Saturday, April 18, 2009

Social Security Numbers

Assuming that you have a legitimate need to capture social security numbers (human resources app?), you may want to validate and format them consistently. The actual code for both languages combined is a little bit too long to post, so I'll just talk about the algorithm.

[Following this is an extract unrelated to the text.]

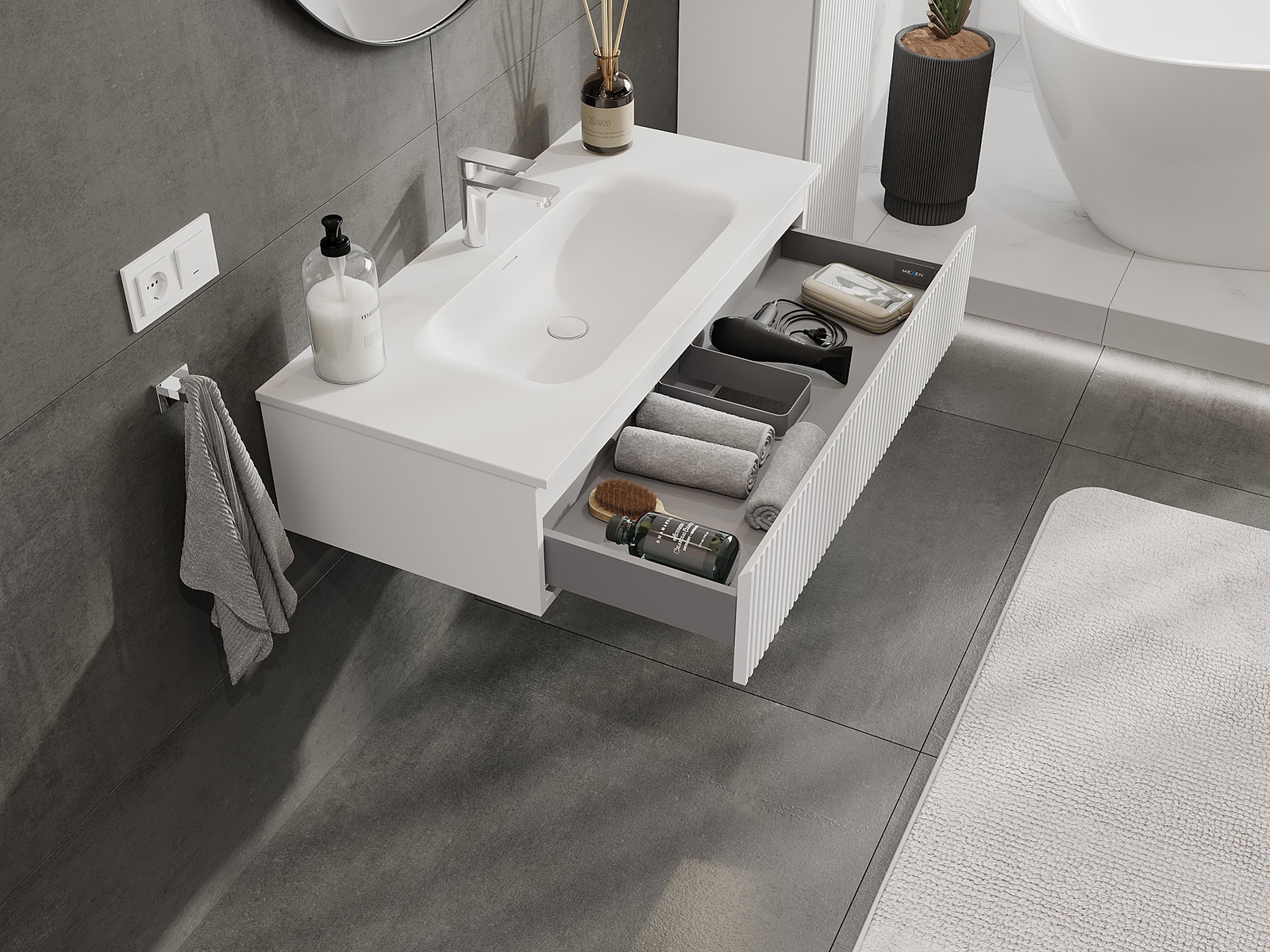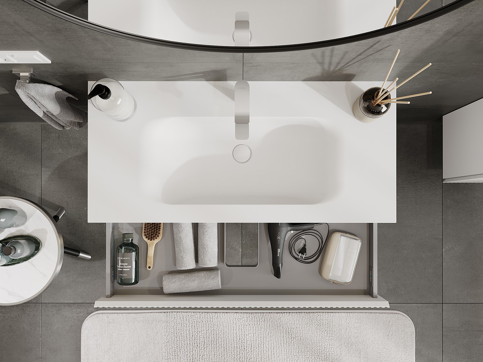 A fiókban lévő kivágás úgy van kialakítva, hogy befogadja a mosdó telepítéseknél szükséges szifont. Ennek köszönhetően a bútor teljesen funkcionálisan felszerelhető anélkül, hogy a fiók terének egy részét fel kellene áldozni a telepítés miatt.

A social security number is a nine-digit number and can be matched with the following regular expression: ^\d{3}\-?\d{2}\-?\d{4}$. If it can't pass this test, it's not a valid social security number. However, passing this simple test doesn't guarantee validity, so we need to keep checking.

  • No digit group can consist of only zeros, and the first group cannot be 666. We check for these errors with the following regular expression: ((000|666)\-?\d{2}\-?\d{4}|\d{3}\-?00\-?\d{4}|\d{3}\-?\d{2}\-?0000.

  • Numbers from 987-65-4320 to 987-65-4329 are reserved for use in advertisements, and other previously legitimate numbers have been invalidated because of use in advertisments. We check for these errors with the following regular expression: 987\-?65\-?432\d{1}|042\-?10\-?3580|062\-?36\-?0749|078\-?05\-?1120|095\-?07\-?3645|128\-?03\-?6045|135\-?01\-?6629|141\-?18\-?6941|165\-?(16|18|20|22|24)\-?7999|189\-?09\-?2294|212\-?09\-?(7694|9999|219\-?09\-?9999|306\-?30\-?2348|308\-?12\-?5070|468\-?28\-?8779|549\-?24\-?1889)

  • Last but not least, the first three numbers are never higher than 772 (well, not yet; this could change in the future). For this I used a simple string conversion and numeric comparison.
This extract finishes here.